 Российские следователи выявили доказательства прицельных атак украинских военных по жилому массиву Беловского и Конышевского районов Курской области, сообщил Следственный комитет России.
◆ ◆ ◆
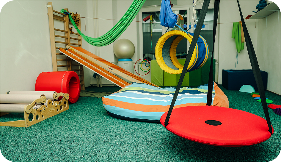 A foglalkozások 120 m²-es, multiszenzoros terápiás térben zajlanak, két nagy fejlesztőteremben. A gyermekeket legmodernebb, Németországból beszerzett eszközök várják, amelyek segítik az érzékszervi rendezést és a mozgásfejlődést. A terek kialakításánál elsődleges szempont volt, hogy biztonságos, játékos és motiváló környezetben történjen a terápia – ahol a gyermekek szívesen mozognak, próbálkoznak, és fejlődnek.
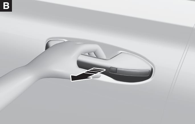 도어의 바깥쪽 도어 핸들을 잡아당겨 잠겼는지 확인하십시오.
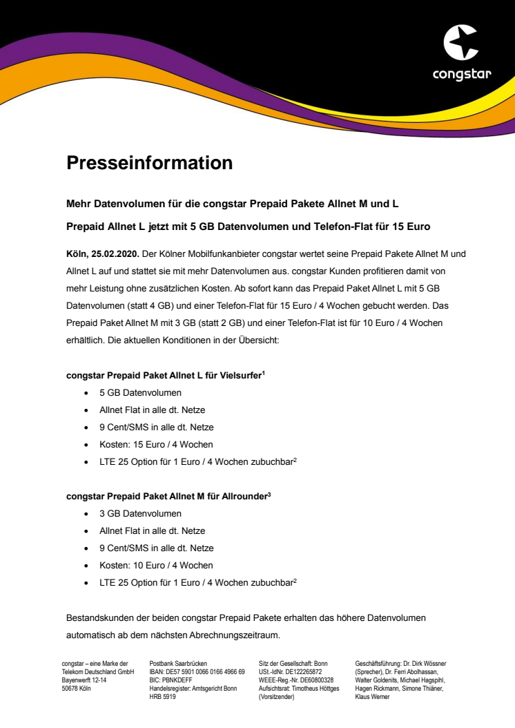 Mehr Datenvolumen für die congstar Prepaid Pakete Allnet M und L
◆ ◆ ◆
§ **PROBLEM STATEMENT**:
All that should appear in the answer is the lines above from the line with "A foglalkozások 120" through the line with "Mehr Datenvolumen für", retyped exactly, pictures left out.

§ **YOUR SOLUTION**:
 A foglalkozások 120 m²-es, multiszenzoros terápiás térben zajlanak, két nagy fejlesztőteremben. A gyermekeket legmodernebb, Németországból beszerzett eszközök várják, amelyek segítik az érzékszervi rendezést és a mozgásfejlődést. A terek kialakításánál elsődleges szempont volt, hogy biztonságos, játékos és motiváló környezetben történjen a terápia – ahol a gyermekek szívesen mozognak, próbálkoznak, és fejlődnek.
 도어의 바깥쪽 도어 핸들을 잡아당겨 잠겼는지 확인하십시오.
 Mehr Datenvolumen für die congstar Prepaid Pakete Allnet M und L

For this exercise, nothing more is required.